- _Data excerpt_:
========

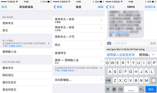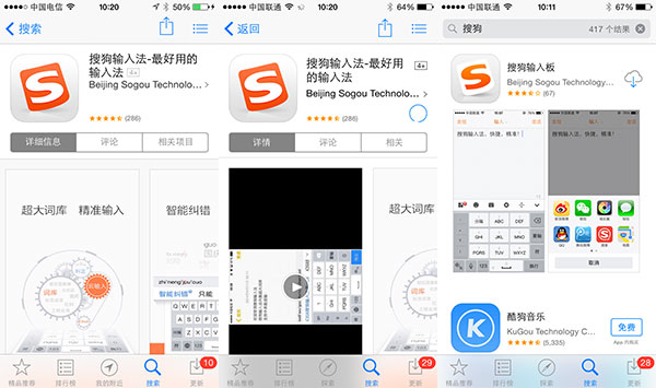 最激動人心的還是第三方輸入法!操作方式也類似Android,先下載程序,再在設置中選擇搜狗輸入法,最後在輸入時切換到搜狗輸入法。
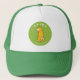 Chapéu do camionista com uma ilustração e um design de um Shiba, sentando-se em cima de um fundo do verde amarelado.
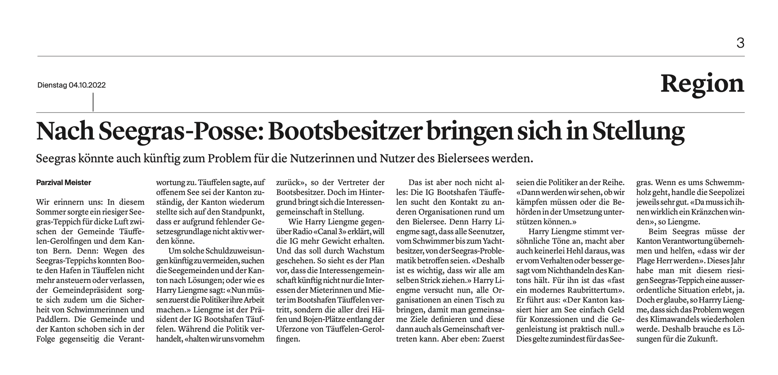 Seegras könnte auch künftig zum Problem für die Nutzerinnen und Nutzer des Bielersees werden.

========

What is wanted is the listing, written out exactly, with each picture removed.

 最激動人心的還是第三方輸入法!操作方式也類似Android,先下載程序,再在設置中選擇搜狗輸入法,最後在輸入時切換到搜狗輸入法。
 Chapéu do camionista com uma ilustração e um design de um Shiba, sentando-se em cima de um fundo do verde amarelado.
 Seegras könnte auch künftig zum Problem für die Nutzerinnen und Nutzer des Bielersees werden.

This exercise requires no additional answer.